### Data for processing:
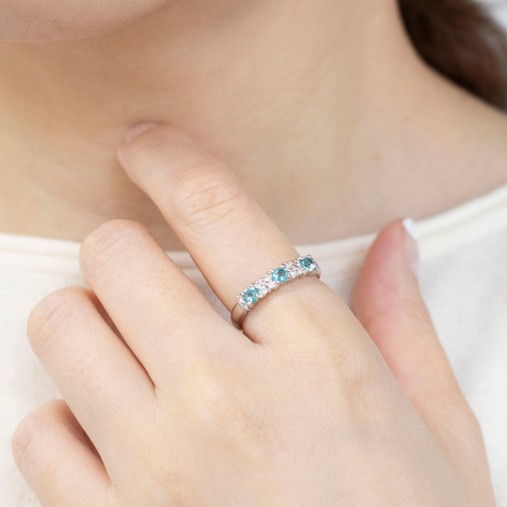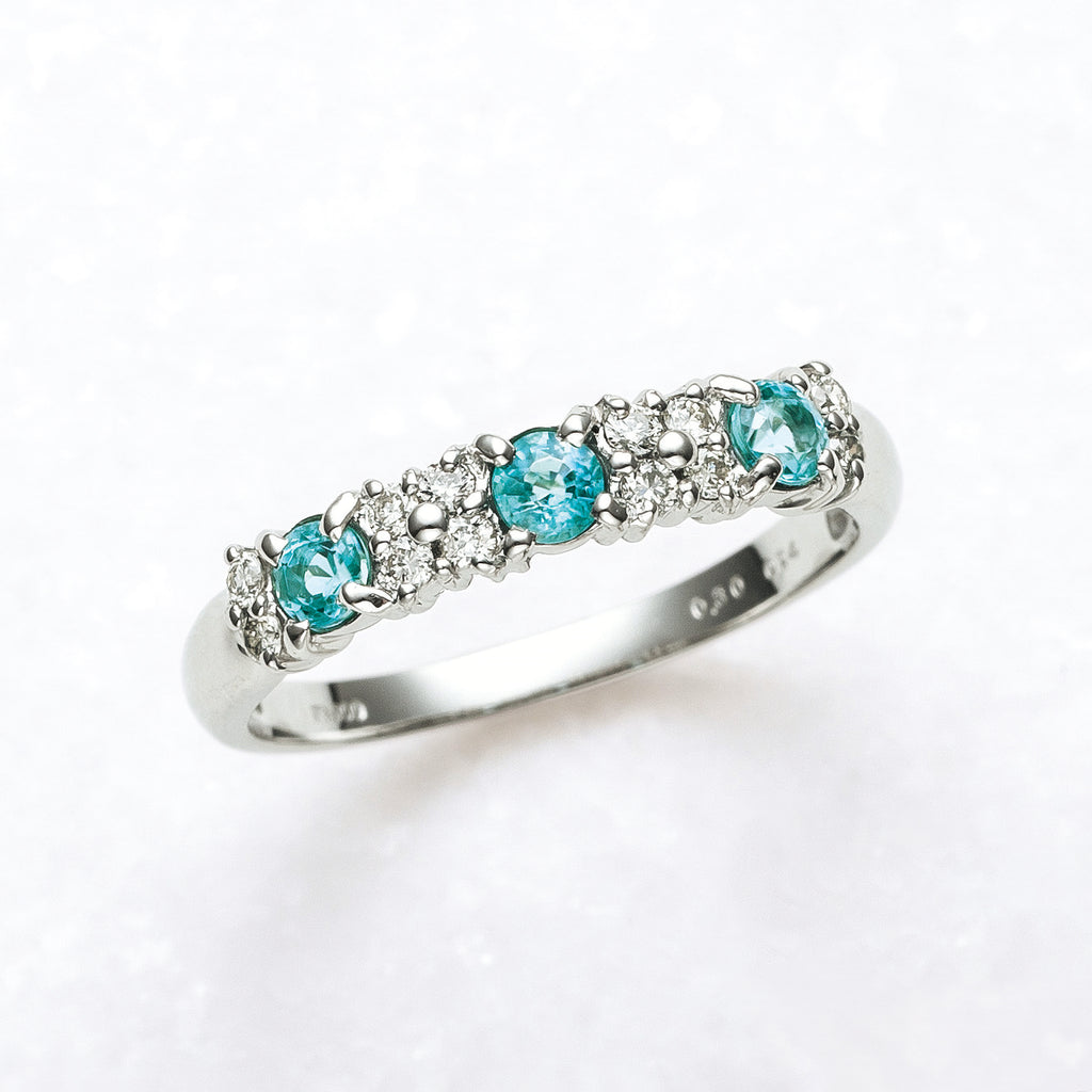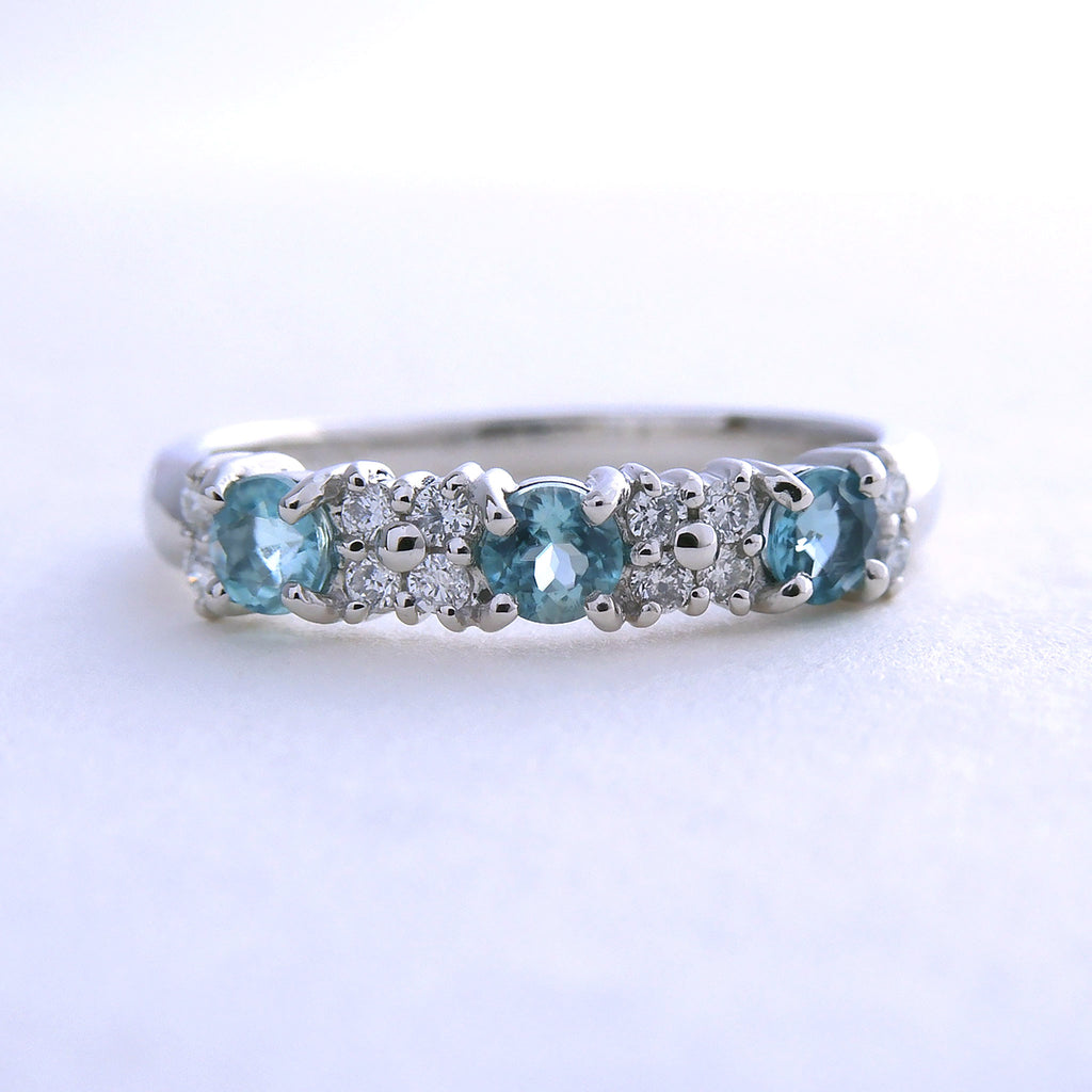 ティールブルー(鴨の羽色)と呼ばれる、ブルーとグリーンが絶妙に混ざり合った落ち着いた色合いが魅力的なグランディディエライトを厳選してリングに仕立てました。
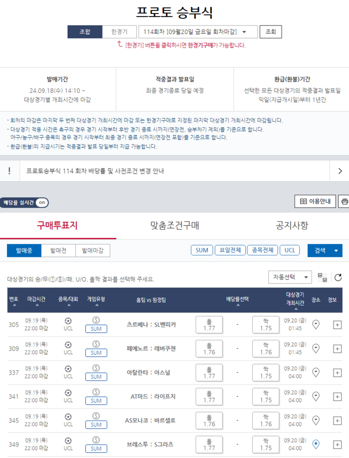 프로토 승부식 114회차에서 ‘SUM’ 유형에 해당하는 경기는 츠르베나 즈베즈다-SL벤피카(305번)전을 비롯해 페예노르트-레버쿠젠(309번), 아탈란타-아스널(337번), AT마드리드-라이프치히(341번), AS모나코-바르셀로나(345번), 브레스투아-슈투름 그라츠(349번)전이 선정됐다.
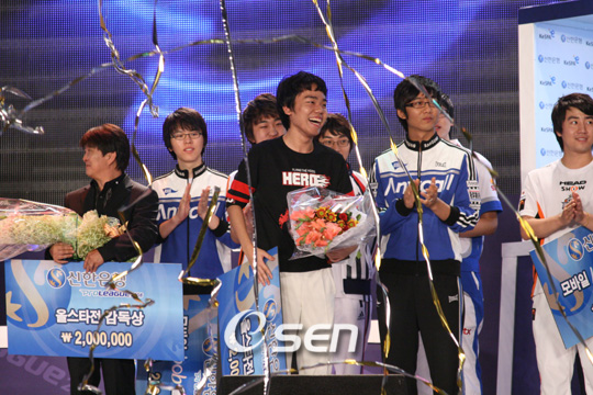 프로토스 라인이 주축이 된 도전팀이 2008시즌 올스타전서 환하게 웃었다. 이명근 감독이 지휘하는 도전팀은 6일 부산 벡스코 IT 엑스포 특설무대에서 열린 '프로리그 2008시즌 올스타전'서 허영무, 도재욱 김구현 등 프로토스 라인과 마무리를 지은 이영호의 활약에 힘입어 4-3 승리를 거뒀다. 팬 선정 6명과 감독 추천 선수 12명 등 18명의 별들 중 최고의 별 MVP는 2년 9개월만의 숙적 송병구를 제압한 '염선생' 염보성에게 돌아갔다. 처음으로 MVP에 선정된 염보성은 상금 200만을 받았다. 이번 올스타전은 MVP는 열정팀 염보성에게 돌아갔지만 도전팀 프로토스 라인의 저력이 돋보인 한 판 승부였다. 경기 전 최고의 프로토스 선수들과 같은 팀에서 뛰고 싶다고 속내를 밝힌 이명근 감독의 말처럼 도전팀 프로토스 라인은 2008시즌을 빛낸 최고의 선수들 다웠다. 도전 팀은 선봉 허영무를 시작으로 도재욱 김구현 등 특급 프로토스 선수들의 힘을 바탕으로 열정팀을 몰아붙였다. 허영무는 이윤열을 상대로 환상적인 셔틀-리버 견제를, 도재욱은 힘으로 박찬수를 제압했다. 프로토스의 마지막 카드로 출전한 김구현은 묵직한 지상군 압박에 이은 화려한 캐리어 협공으로 손주흥을 눌렀다. 열정팀은 테란 라인이 활약한 팀플레이와 오랜만에 송병구를 누른 염보성의 활약으로 추격에 나섰다. 프로토스가 주축이 된 도전팀과 팀플레이가 주력인 열정팀의 맞대결은 결국 마지막 7세트서 승부가 갈렸다. 도전 팀의 이영호는 KeSPA 랭킹 1위 답게 흠잡을데 없이 물흐르듯 부드러운 메카닉 전략의 진수를 보여주며 올스타전의 승부를 결정지었다. 한편 공군 입대 전 마지막 경기를 치른 '폭풍' 홍진호는 인기상을 받으며 변함없는 인기를 과시했다. ◆ 프로리그 2008 올스타전. ▲ 열정팀 3-4 도전팀. 1세트 이윤열(테란, 7시) 허영무(프로토스, 4시) 승. 2세트 박찬수(저그, 7시) 도재욱(프로토스, 1시) 승. 3세트 신희승(테, 12시)/손재범(프, 11시) 이성은(테, 7시)/윤용태(프, 1시). 4세트 염보성(테란, 1시) 승 송병구(프로토스, 7시). 5세트 손주흥(테란, 7시) 김구현(프로토스, 5시) 승. 6세트 박대만(프, 8시)/전상욱(테, 2시) 신상문(테, 12시)/홍진호(저, 6시). 7세트 이제동(저그, 12시) 이영호(테란, 6시) 승. scrapper@osen.co.kr
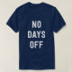 No Days Off is a fun work t-shirt. This shirt is perfect for the person that is a workaholic with a sense of humour. Whether they are a small business owner or someone that likes to get ahead of the competition they rarely take moment to fall behind.
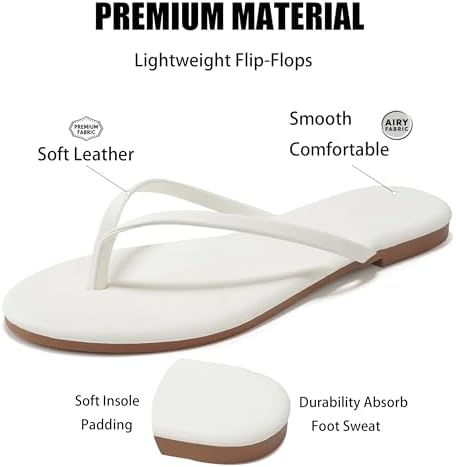 Flip Flops Sandals for Women, Summer Fashion Leather Slippers, Lightweight Comfortable Beach Sandals Slip On Flat Dressy Size 6-10
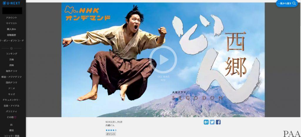 それにちゃんとU-NEXTでは「西郷どん」の見逃し動画が配信されていました。
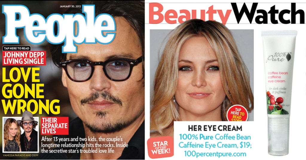 - MAGASINET “PEOPLE” 2012, KATE HUDSON GIR SINE SKJØNNHETSTIPS OG ANBEFALER 100% PURE COFFEE BEAN CAFFEINE EYE CREAM
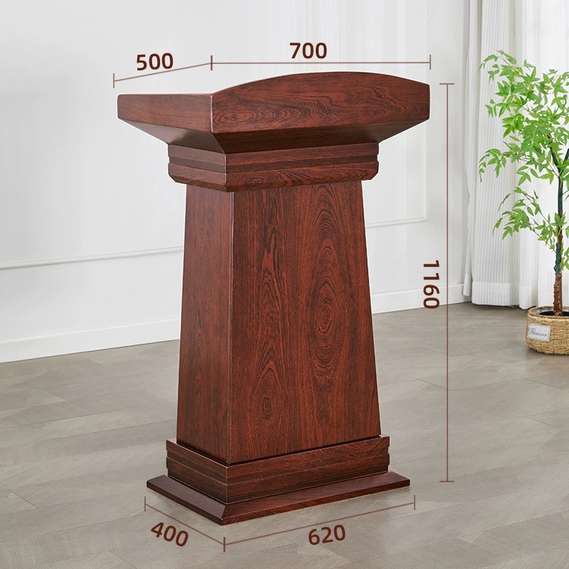 Một chiếc bục phát biểu gỗ công nghiệp tiêu chuẩn thường bao gồm 3 bộ phận chính: mặt bục (nơi để tài liệu), thân bục (thường vát nghiêng hoặc thẳng) và chân đế (đảm bảo sự vững chãi).
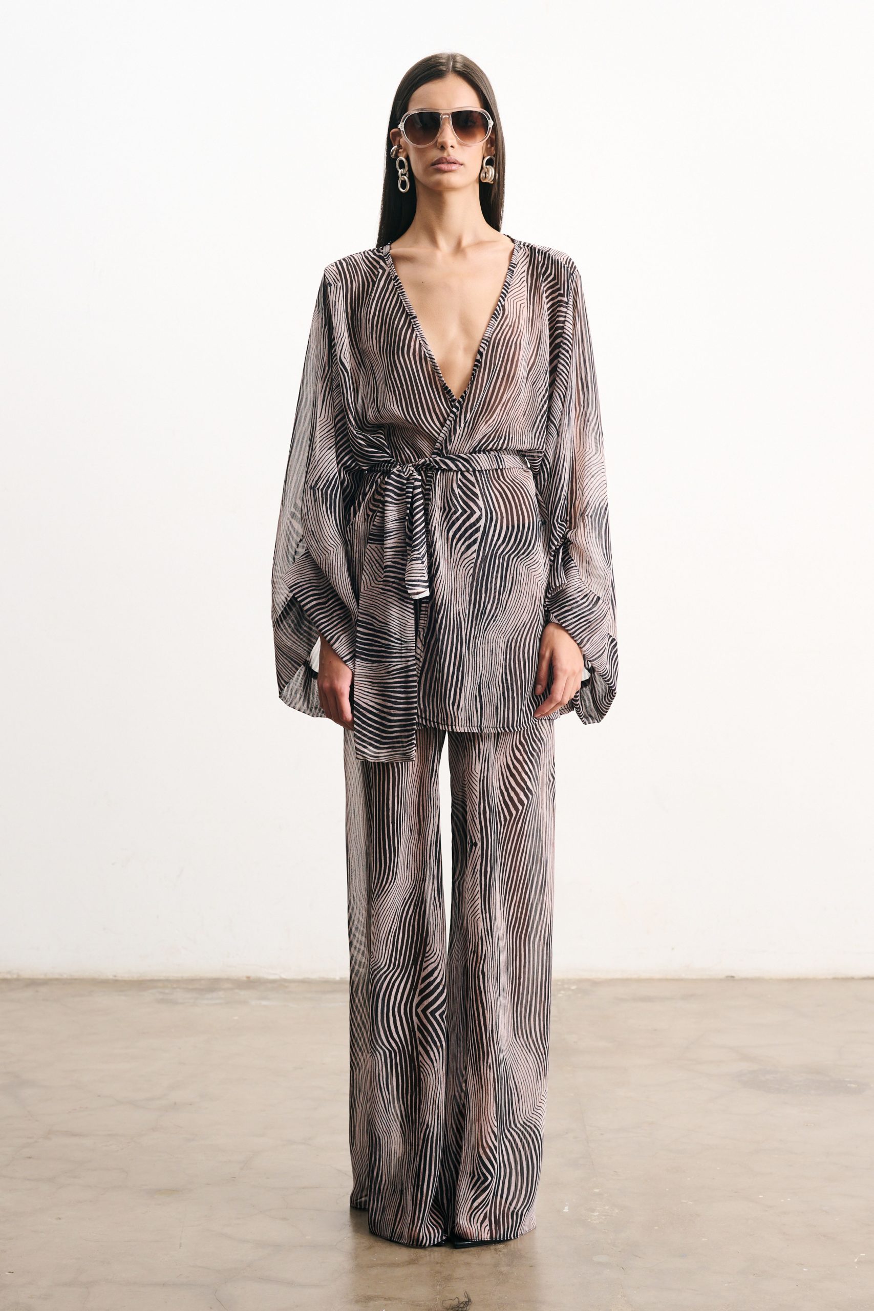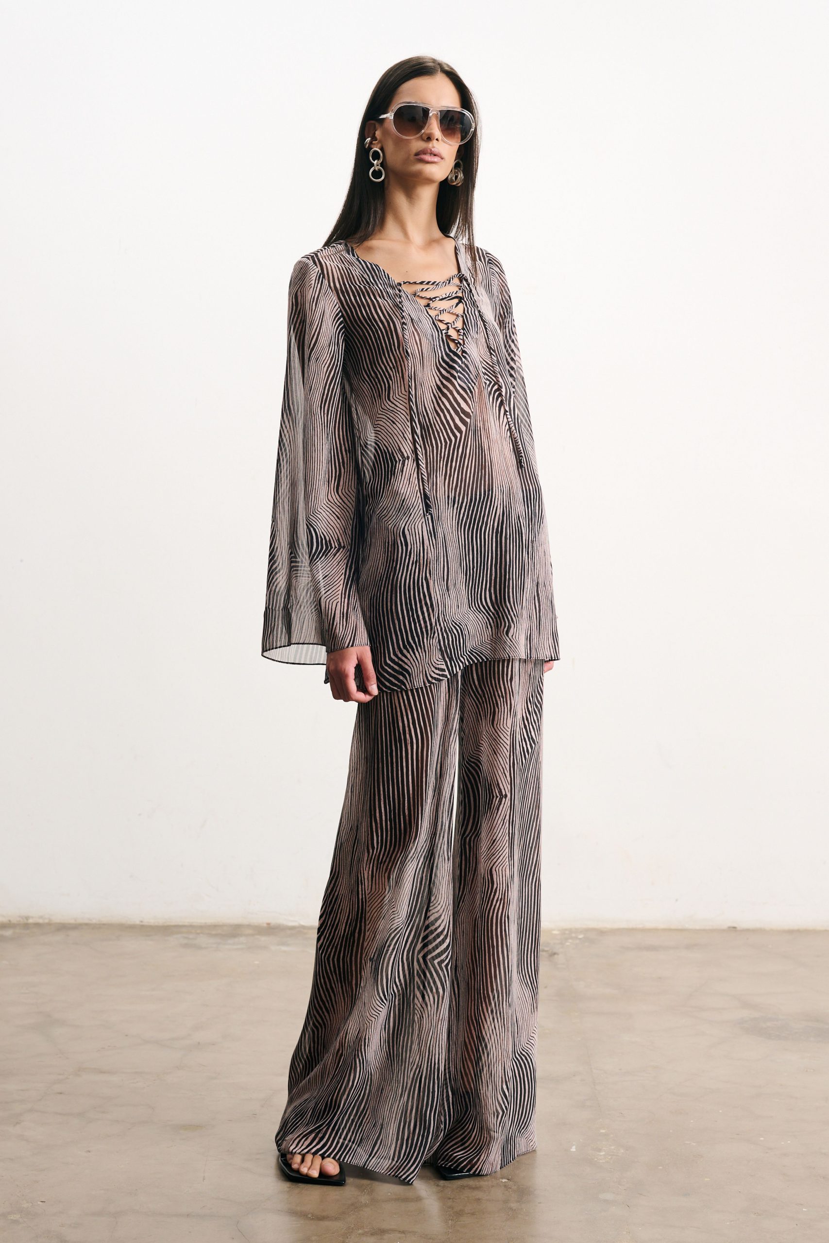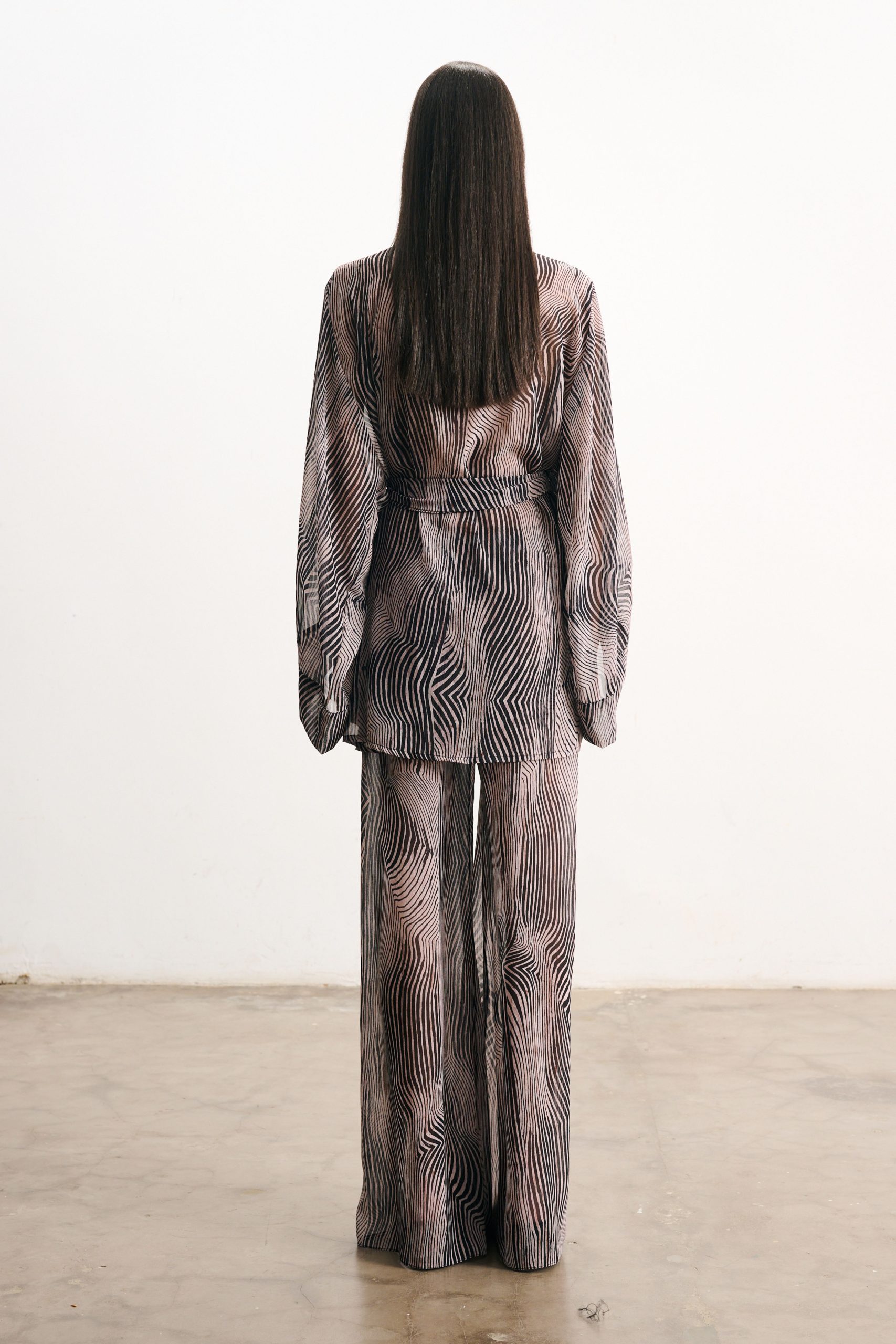Calça em musseline com estampa digital exclusiva. Cós elástico e amarração frontal que ajustam a peça no corpo. Modelagem cortada em viés, que proporciona caimento único e perfeito, modelando a silhueta. Caimento fluído e levemente evasê.
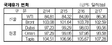 2월17일 1.53달러 올라 99.56달러 형성 … WTI도 86달러로 상승 2월17일 국제유가는 차익실현 매출이 출회되면서 상승했다.한국석유공사에 따르면, 런던석유거래소(ICE)의 Brent 선물유가는 배럴당 102.59달러로 1.19달러 하락한 반면, 뉴욕상업거래소(NYMEX)의 WTI(서부텍사스 경질유)는 매도청산을 위한 매수(Shot-Covering) 유입으로 86.36러로 1.37달러 상승했다. 두바이(Dubai) 현물유가는 중동의 정정불안이 뒤늦게 반영돼 1.53달러 상승한 99.56달러에 거래를 마감했다.
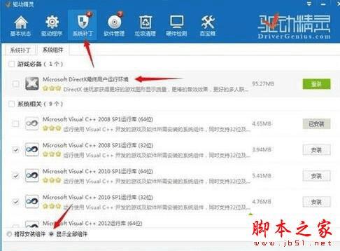 2、在驱动精灵的“系统补丁”模块下安装“Microsoft DirectX最终用户运行环境”(即使显示“已安装”也要重装一遍)并根据提示重启计算机,如下图所示:
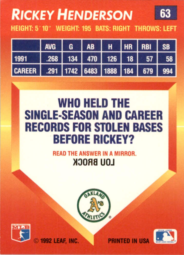 | 1992 Triple Play Rickey Henderson Oakland Athletics #63 Baseball Card |

### Exercise:
Please write out exactly, and only, the lines from the beginning of the entries through the line containing "프로토 승부식 114회차에서", including both and skipping all pictures.

### Response to the task:
 ティールブルー(鴨の羽色)と呼ばれる、ブルーとグリーンが絶妙に混ざり合った落ち着いた色合いが魅力的なグランディディエライトを厳選してリングに仕立てました。
 프로토 승부식 114회차에서 ‘SUM’ 유형에 해당하는 경기는 츠르베나 즈베즈다-SL벤피카(305번)전을 비롯해 페예노르트-레버쿠젠(309번), 아탈란타-아스널(337번), AT마드리드-라이프치히(341번), AS모나코-바르셀로나(345번), 브레스투아-슈투름 그라츠(349번)전이 선정됐다.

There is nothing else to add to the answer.